Clinical Commissioning Coalition demands equal relationship with National Commissioning Board
- Published on Thursday, 17 November 2011 15:16
- Posted by Scott Buckler
The new Clinical Commissioning Coalition, set up by the NHS Alliance and the the National Association of Primary Care, is demanding a new relationship between the National Commissioning Board and frontline clinical commissioners
“Current proposals look too top heavy and as I speak to Clinical Commissioning Groups throughout England, too few feel that they are really being liberated,” said Dr Michael Dixon, Chairman of the NHS Alliance.
Michael Ramsden, Chief Executive of NAPC, added: “We hear often that decisions about the NHS will come from the consulting room rather than from Whitehall and that must mean that the ‘rules of engagement’ are equally decided between clinical commissioners and the National Commissioning Board, rather than tablets of stone handed down from above.”
Dr Ken Aswani, GP in Waltham Forest, commented: "Clinical leadership is important across the system."
The NHS Alliance/NAPC Clinical Commissioning Coalition is demanding that clinical commissioners should be represented at every level, from the National Commissioning Board to the Clinical Commissioning Groups themselves.

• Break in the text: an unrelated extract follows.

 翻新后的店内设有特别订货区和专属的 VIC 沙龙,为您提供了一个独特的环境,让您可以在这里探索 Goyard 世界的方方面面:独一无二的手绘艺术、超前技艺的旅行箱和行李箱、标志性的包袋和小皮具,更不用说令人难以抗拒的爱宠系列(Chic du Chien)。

According to the Coalition, it is not enough for Clinical Commissioning Groups and clinical commissioning to be held at arms’ length from the National Commissioning Board communicating through its regional arms.
The Coalition says that the same thought processes must also apply to the authorisation of Clinical Commissioning Groups, which cannot be a one way process decided by the National Commissioning Board. The disinterested voice of clinical commissioners themselves must also be part of the authorisation process. Therefore, the Coalition is proposing that one of its representatives should sit on every panel authorising CCGs so that the centre and frontline are part of this process.

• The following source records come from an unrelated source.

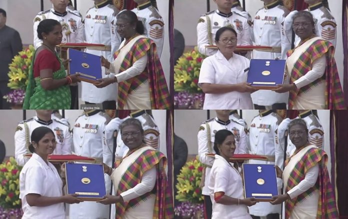 नई दिल्ली, 7नवंबर। राष्ट्रपति द्रौपदी मुर्मु ने आज राष्ट्रपति भवन में नर्सिंग पेशेवरों को वर्ष 2021 के लिए राष्ट्रीय फ्लोरेंस नाइटिंगेल पुरस्कार प्रदान किए।
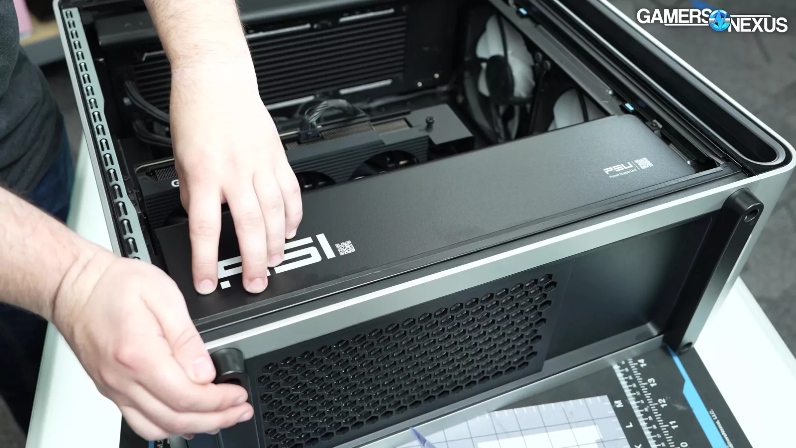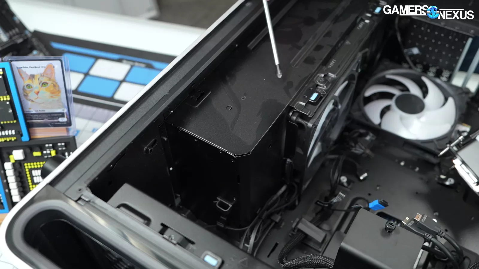 Opening up the PSU shroud enclosure, and removing the back-most fan, we can see it doing functionally nothing as it’s right up against the power supply. The case’s 2 grills also add impedance as well. Looking at the bottom of the system, there isn’t a lot of room for air to come up through.
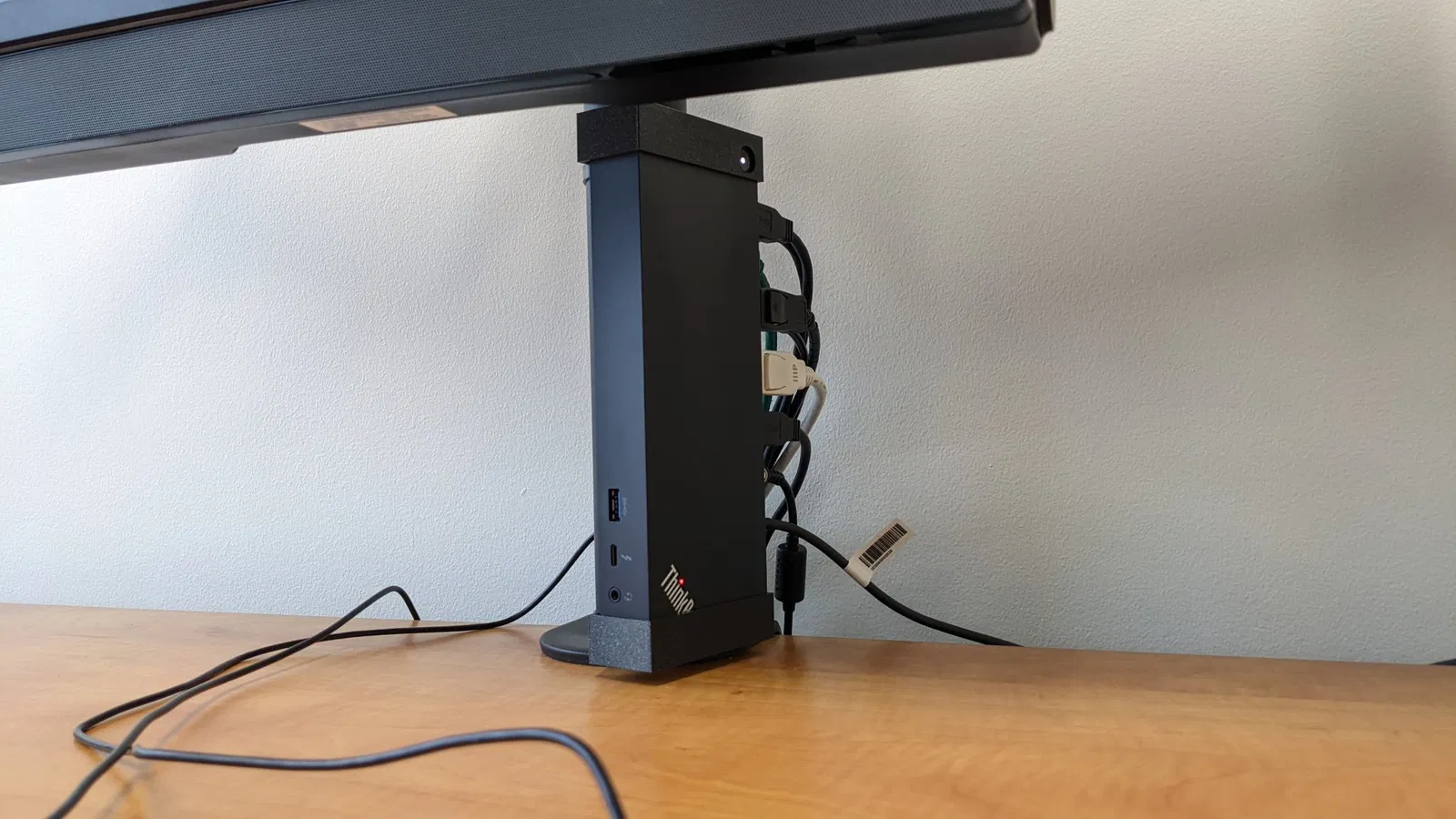 Tôi có một vài giá đỡ màn hình tại nơi làm việc mà tôi muốn gắn các dock Lenovo Thunderbolt 3/4 của chúng tôi vào để giải phóng một số không gian trên bàn.
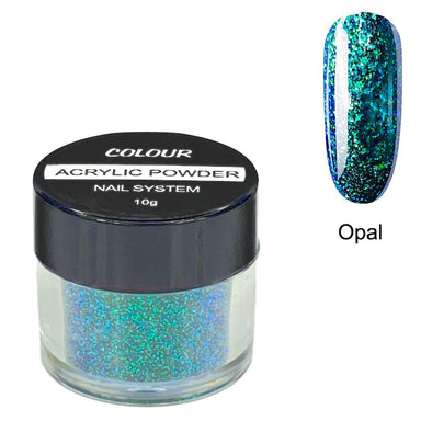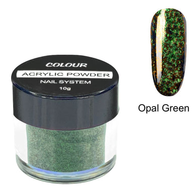 Acrylic and Dipping Acrylic Colour Powders are available in Opal (Blue) and Opal Green.
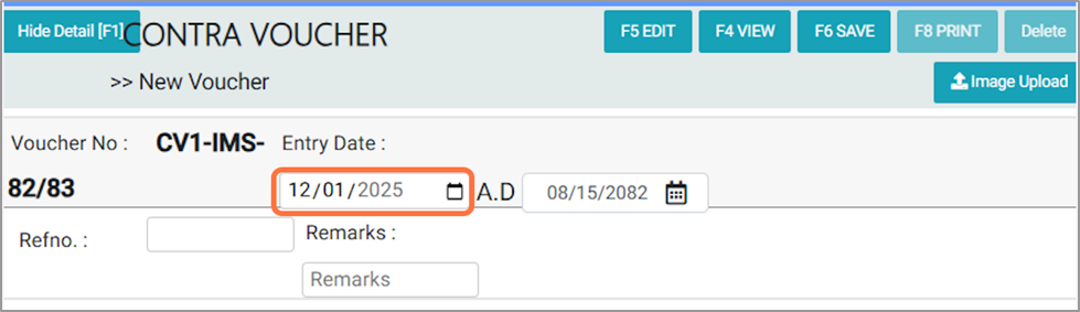 4. Enter the Voucher Entry Date, For Eg: 2025-12-01¶

Following Clinical Commissioning Group authorisation, annual appraisal should also be a two way process. The National Commissioning Board will need to appraise CCGs, but CCGs collectively should be able to appraise the National Commissioning Board as to whether it has been able to support and further their work and enable them to produce better health outcomes.
Dr Michael Dixon added: “If command and control is dead then 360 degree appraisal must become the norm. The future of the NHS will no longer have a ‘top’ and a ‘bottom’, but a ‘centre’ and ‘frontline’. If the mutual hopes of commissioners at the centre and at the frontline are to be met –and that is the only way the NHS can go forward – then there needs to be a meeting of aims and aspirations. There are some very early signs that this is beginning to happen, but things must accelerate rapidly otherwise clinical commissioners will feel more shackled than liberated and the huge potential gains of enlisting frontline clinical commissioners will be lost. With it will go the hope of an every better and more sustainable NHS.”

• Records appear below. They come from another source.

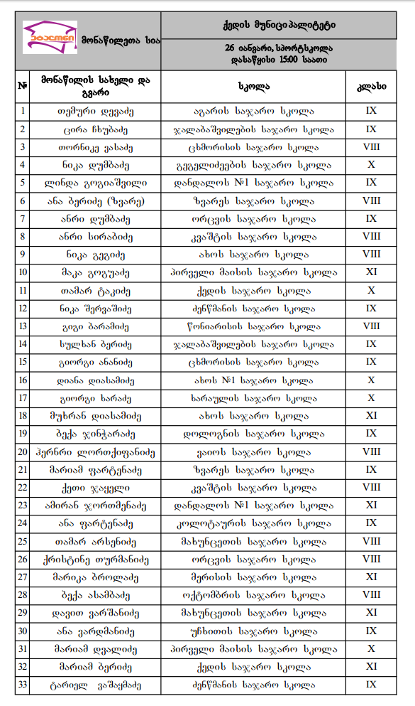 გთავაზობთ, ''ეტალონში'' მონაწილე მოსწავლეების სიას.
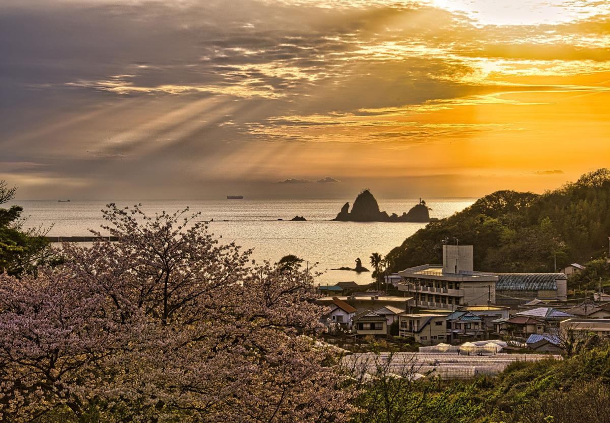 (入選)桜越しに望む田子島
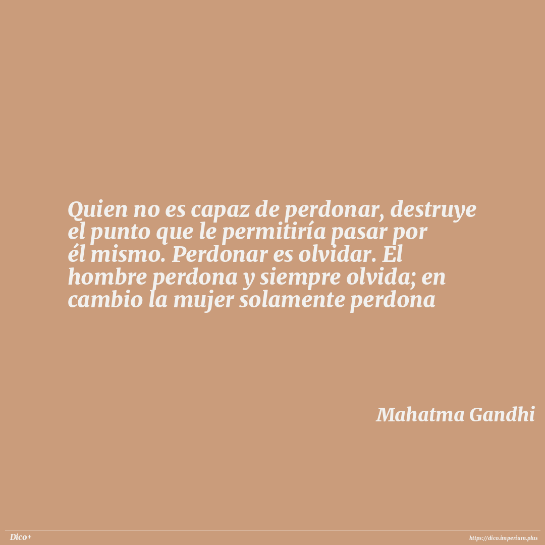 Quien no es capaz de perdonar, destruye el punto que le permitiría pasar por él mismo. Perdonar es olvidar. El hombre perdona y siempre olvida; en cambio la mujer solamente perdona
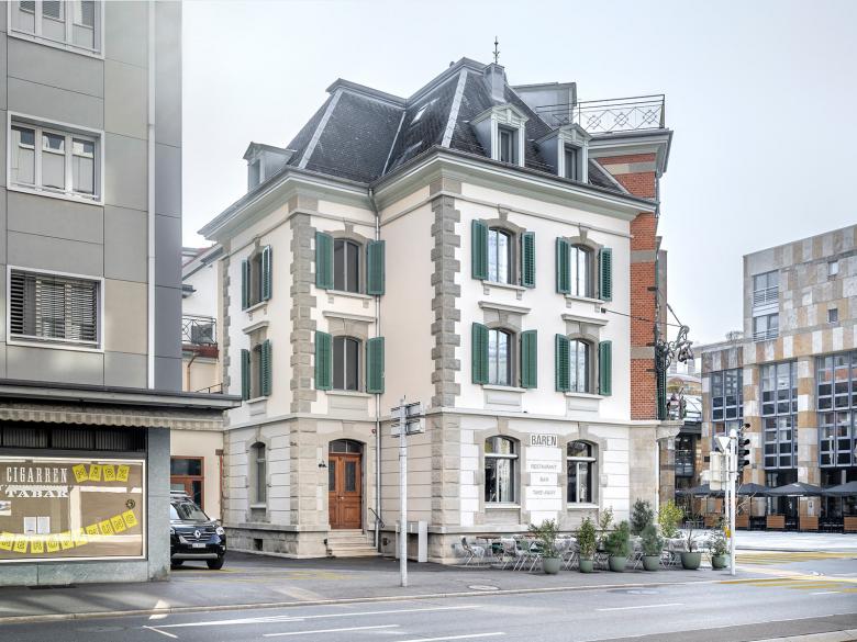 Der Eckbau mit dem Restaurant Bären, ein dreigeschossiger Bau in Neorenaissanceformen mit auffällig in Erscheinung tretenden Eckerker wurde 1896 von Dagobert Keiser Vater als eigenes Wohnhaus erbaut. 1898 erfolgte gegen Osten ein Terrassenanbau zur Vergrösserung der Gastwirtschaft. Der Bären, die «Werkstatt 3» wurde von den Fabrikmitarbeitern der damals südlich angrenzenden Metallwarenfabrik rege besucht. 2014 erwarb die Zug Estates AG die Liegenschaft.
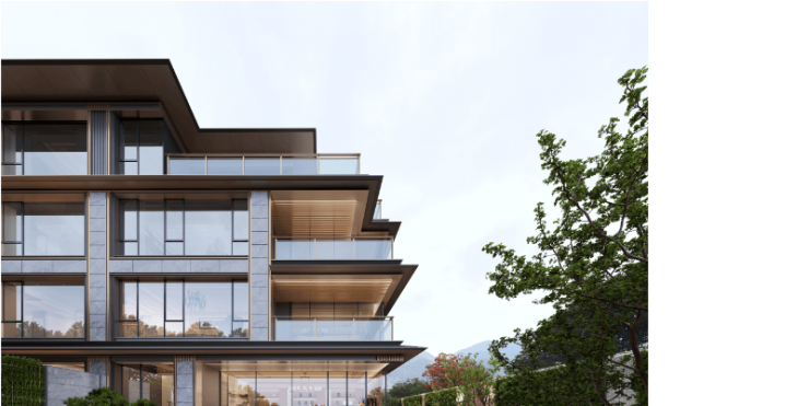 ◎ 风光退隐:把建筑向自然打开,布局多重阳台,与自然风景无界融合。
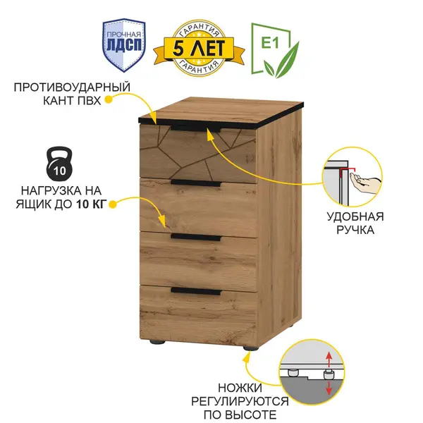 • Мы позаботились, чтобы сборка тумбы с четырьмя ящиками была максимально простой, и создали понятную инструкцию, которая идет в комплекте.
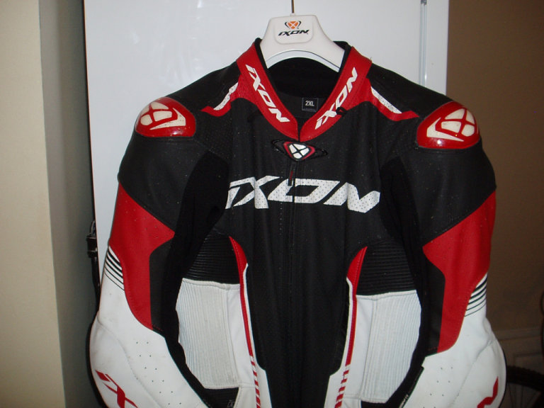 STUNNING AND VERY COMFORTABLE FRENCH IXON VORTEX 2, ONE PIECE ROAD / RACE LEATHER SUIT, IN THE HARD TO GET BLACK / WHITE / RED COLOURS, SIZE 2XL (46). ONLY WORN A FEW TIMES, SO SUIT IS AS NEW WITH ORIGINAL TAGS AND PACKAGING, ANY QUESTIONS, PLEASE ASK......
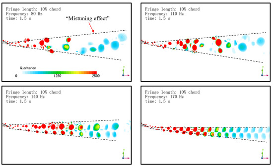 Q-criterion distributions around the airfoil model with the fringe length of 10% chord at different flapping frequencies.
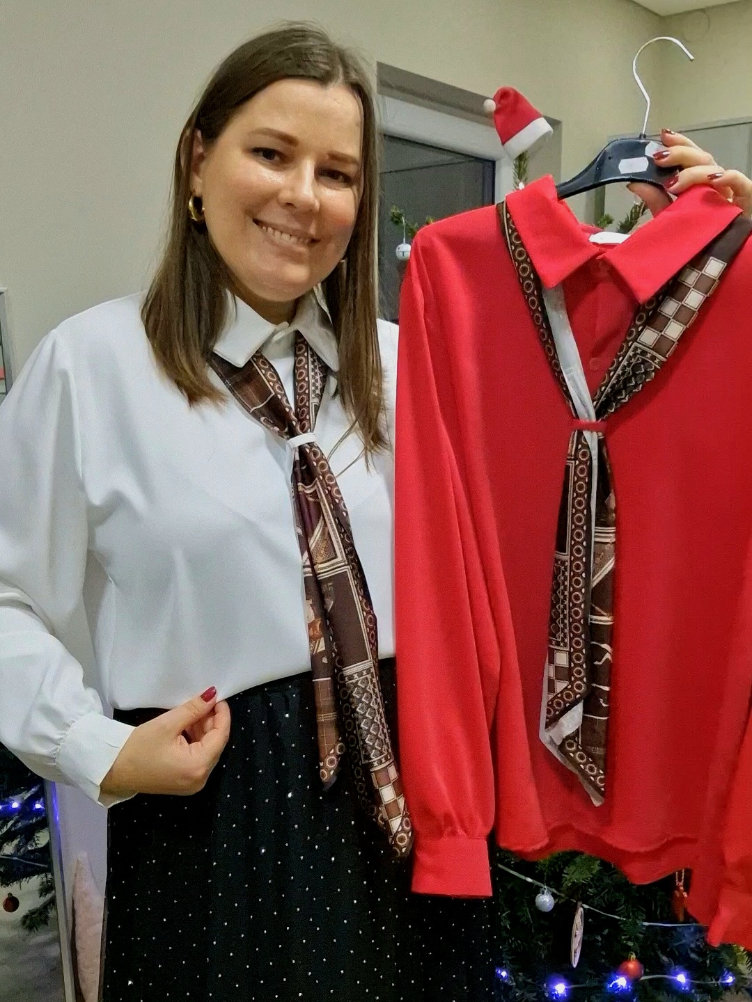 • ​Universalus Nešiojimas: galite juos nešioti keliais būdais: sukištus į kelnes ar sijoną, perrištus, užsirištus mazgu, ar laisvai užmestus ant viršaus.

Recently re-elected President of the NAPC, Dr James Kingsland, also stated: “This is about developing an epidemic of leadership throughout the NHS clinical community, changing behaviours at the interface between clinician and patient to enable more effective deployment of NHS resources at the point at where they are committed. This is what commissioning at scale is about – each and every one of us being involved."